Bargaining History

Bargaining History

Between 1984 and the early 2000s, contract agreements reached with Unit 10 demonstrated that the State valued and placed a priority on the work scientists do.​​

The agreements also illustrated that the State connected compensation and benefits to recruiting and retaining the scientific talent needed to accomplish the missions of the various Agencies that employ State Scientists. 

Present Day

  • Fast forward to 2023:  Environmental Scientists and Engineers continue to perform comparable duties, but salaries for rank-and-file Scientists in Unit 10 have STILL not been adjusted, which has resulted in major disruptions throughout the environmental programs State Scientists lead.
    • The Newsom Administration continues to ignore the impacts this is having on rank-and-file State Scientists.
  • The Newsom Administration makes great effort to maintain the pay relationships between units at the supervisory level and above, as well as the in-unit relationships in Unit 9, but this is not the case for Unit 10 rank-and-file scientists. 
  • This has caused decaying morale and resentment among State Scientists and their teams—ultimately making the mission to protect Californians and the environment less effective.
  • This has encouraged new hires and seasoned scientists in critical programs to leave the department within a few years of receiving training.
    • They change classification to Bargaining Unit 9, or to local or federal agencies, that provide fair pay.
  • The Governor has made record investments for environmental and public health initiatives, where rank-and-file scientists do a majority of this work, yet there hasn’t been a commensurate investment in the actual scientists who serve California.
  • Bargaining has not corrected the disparity that was created through this Administrative action.  The incremental progress has not addressed the collapse of the pay similarity between State Engineers and State Scientists.
  • Historically  Scientists and Engineers were compensated relatively equally for over 20 years, prior to 2003. That is no longer the case, even though everything else has remained the same: our responsibilities, our working relationships, our reporting structures – everything is as it was.
  • CAPS continues to seek to re-establish the appropriate historical salary relationships for ALL State Scientists in Unit 10.
  • Prior to the release of the 2014 Pay Letter that appropriately adjusted Unit 10 supervisory classifications to meet compliance with the Like Pay for Like Work Ruling, the Unit 10 classification series relationship was logical.
  • As you can see by looking at the light blue line on the graph above, in 2014, many Unit 10 managers and supervisors received pay adjustments of up to 43% overnight as a result of the LPLW lawsuit in recognition of doing similar and comparable work to that of engineers.
  • Disruption of the Unit 10 salary structure over the years has resulted in large anomalous gaps in pay between managers/supervisors and rank-and-file staff.
  • The standard salary structure between rank-and-file scientists and their supervisors & managers worked well for Unit 10 for 30 years before 2014. Prior to 2014 the gap between the rank-and-file scientist and their supervisor was approximately 15%. In 2023, it is 62%, and is expected to increase after the Bargaining Unit 9 contract was ratified last year.
  • These large gaps don’t exist in other State bargaining units and clearly violate the state’s own Internal Salary Relationship policies.
  • This graph illustrates an obvious divergence of a previously parallel compensation.
  • The historical salary relationships were logical and recognized equal pay value for the equal-valued work being done. At some points, Environmental Scientists were even being paid more than environmental engineers, and as a result, engineers would move into the Environmental Scientist classification so they could be paid more. The salary relationship between classifications were always within 5% of each other.
  • As you can see here in 2005 there was a large increase for engineers, as their salaries were adjusted to be competitive with the marketplace.
  • That same adjustment is necessary for rank-and-file scientists in order to be able to recruit and retain talented individuals to perform critical and necessary work for the state so it can continue to lead with science.
  • Even though scientists and engineers still do the same work, in 2023, scientists make 37% less than our unlicensed engineering counterparts.
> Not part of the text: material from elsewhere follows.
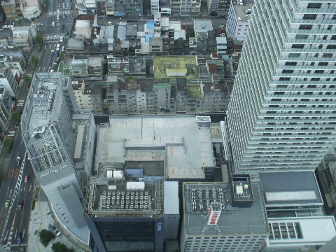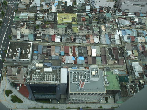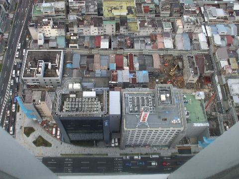 | 岐阜シティ・タワー43展望室から見下ろす。手前から二筋目 までが用地。駅前通沿いの二棟のビルを 囲い込む ような 「コ」の字型の用地。 |

Over the years, thousands of stakeholders,​ including agency secretaries, department directors, the Legislative Analysts Office, Former DPA Director Ron Yank, and Former California Senator Barbara Boxer have advocated for this pay equity issue to be fixed. Even CalHR’s own Total Compensation report spoke up on this ongoing issue in 2006 and how it needs to be addressed​. Even with all of this input & all of these stakeholders speaking up, including their own organization, this Administration is still ignoring it. ​It’s illogical, it’s disrespectful and it’s leading to issues that are serious to California’s public health and the environment, as the State is unable to retain or attract qualified Scientists.